Python, from the ground up Lesson 25 / 60

Pandas in 2026: what to know, what to skip, Polars rising

Where pandas sits in the 2026 data ecosystem, the PyArrow backend, and when Polars genuinely wins.

Welcome to Module 5. We’ve spent the first four modules on the language itself and the tooling around it; now we shift gears and spend the next ten lessons on what most working Python developers actually do with the language all day, which is push tabular data through transformations. Roughly half the Python jobs I’ve seen in the last decade were, fundamentally, “read a file, change some columns, write another file, send a Slack message when it breaks.” That work runs on pandas. Module 5 is pandas mastery; Module 6 is the harder stuff (window functions, time series, performance). Lesson 35 is a dedicated chapter on Polars, which we’ll meet briefly today.

But before we touch a read_csv, we need to talk about where pandas sits in 2026, what changed in the last three years, and why your old StackOverflow answers might be giving you advice that the library no longer agrees with.

A short history, because context matters

Pandas was started by Wes McKinney in 2008 at the hedge fund AQR. He needed something between Excel and a SQL database for time-series-heavy financial data, found that what existed in Python at the time was either NumPy (too low-level) or R-via-rpy2 (too clumsy), and wrote his own. He open-sourced it the next year, left finance, and has spent the better part of two decades shepherding the data ecosystem. (He also kicked off the Apache Arrow project in 2016 — keep that in mind, it’ll matter in five paragraphs.)

For roughly fifteen years, pandas was the answer to “I have a table in Python.” Not the only answer — there were always alternatives, from dask for out-of-core data to PySpark for cluster-scale — but the default, the thing every notebook on Kaggle and every junior data scientist’s laptop reached for. Every adjacent library was built to accept a pandas DataFrame: matplotlib’s df.plot(), scikit-learn’s fit(X, y) where X is usually a DataFrame, statsmodels, seaborn, plotly, the SQL-via-DataFrame wrappers, the database connectors. The ecosystem moat is enormous, and that matters for what we’ll discuss in a moment.

The problems were always the same. Pandas was built on top of NumPy, which had no native concept of missing values for integer or boolean columns (so a column with one missing integer became float64, with the missing value as NaN — surprising and wrong). String columns were stored as Python objects in the NumPy array, which meant slow string operations and bloated memory. The default copy-on-write semantics were inconsistent — sometimes you got a view, sometimes a copy, and the famous SettingWithCopyWarning haunted everyone. None of these were fatal, but they accumulated.

Pandas 2.0 (2023) — the quiet rewrite

Pandas 2.0 came out in April 2023 and is the most consequential release since 1.0. The headline change: a PyArrow backend as an alternative to NumPy under the hood.

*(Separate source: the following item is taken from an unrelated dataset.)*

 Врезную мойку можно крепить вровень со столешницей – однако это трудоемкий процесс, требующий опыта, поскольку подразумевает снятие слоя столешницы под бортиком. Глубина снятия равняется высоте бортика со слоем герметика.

What that means in practice. Apache Arrow is a columnar memory format designed for analytical workloads. It has first-class support for missing values (every type is nullable), efficient string storage, fast zero-copy interchange between languages and tools, and is the lingua franca that DuckDB, Polars, Spark, and modern data warehouses all speak. By giving pandas an Arrow backend, the maintainers got nullable integer columns, ten-times-faster string operations, and a shared memory format with the rest of the data world — without breaking the millions of lines of existing pandas code.

Three things to know about it as of May 2026:

It’s opt-in. Reading a CSV with pd.read_csv("file.csv") still gives you the NumPy backend. You ask for Arrow explicitly:

import pandas as pd

df = pd.read_csv("sales.csv", dtype_backend="pyarrow")
df = pd.read_parquet("sales.parquet", dtype_backend="pyarrow")

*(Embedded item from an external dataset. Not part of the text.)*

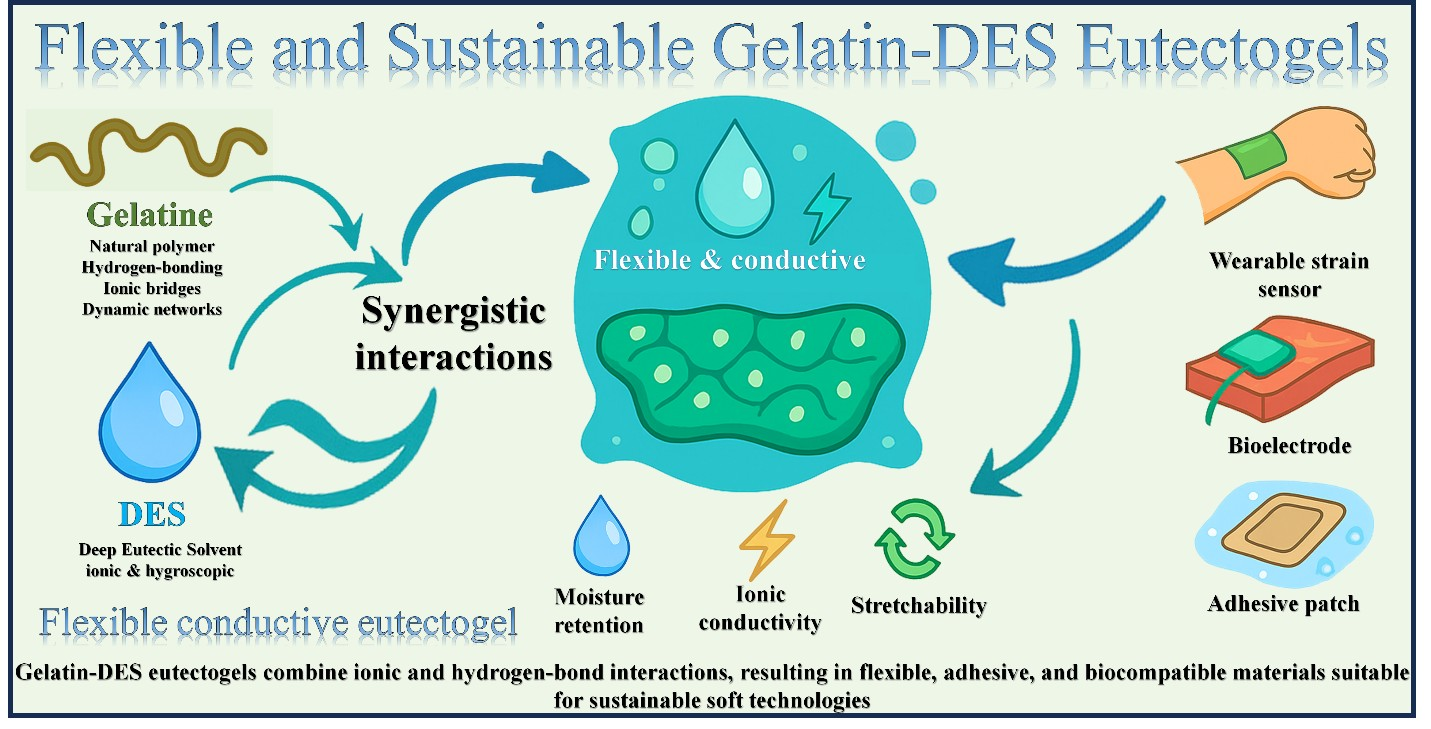 - Eutectic solvent effects—DES acts not only as an ionic medium but also as an adhesion-stabilizing agent. Due to its high hygroscopicity, DES suppresses gel drying and freezing, maintaining a conformal and stable contact at different temperatures and humidity levels—thus preventing one of the major causes of failure of conventional hydrogels [71].

# Or globally for a script
pd.options.future.infer_string = True  # arrow-backed strings by default

It’s mature now. The first year of the Arrow backend (2023) had rough edges — some operations fell back to NumPy and copied data, some didn’t work at all. By pandas 2.2 (early 2024) most of those were closed, and by the 2.3 series in 2025 the backend is stable for the operations a normal analyst uses. If you’re starting a new project in 2026, Arrow-backed pandas is the right default.

Copy-on-write is the new default, and it’s a real improvement. The old “is this a view or a copy?” footgun is gone in pandas 3.0 (released late 2025), and you can opt into it now in 2.x with pd.options.mode.copy_on_write = True. New code; new defaults; turn it on.

Polars — the rising alternative

While pandas was rewriting its plumbing, Polars was being written from scratch in Rust by Ritchie Vink. The first version landed in 2020; version 1.0 in mid-2024; by May 2026 it’s at 1.x and stable enough for production. It’s the most credible challenger pandas has had since the modern era began.

The pitch is easy: Polars is built on Arrow from day one (no legacy NumPy carry-overs), is multi-threaded by default, has a query optimizer (lazy mode plans your whole pipeline before executing it), and is written in a systems language so the inner loops are not paying Python’s interpreter tax. On most operations — filtering, joining, group-by, aggregation — Polars is two to ten times faster than pandas with the Arrow backend, and uses meaningfully less memory.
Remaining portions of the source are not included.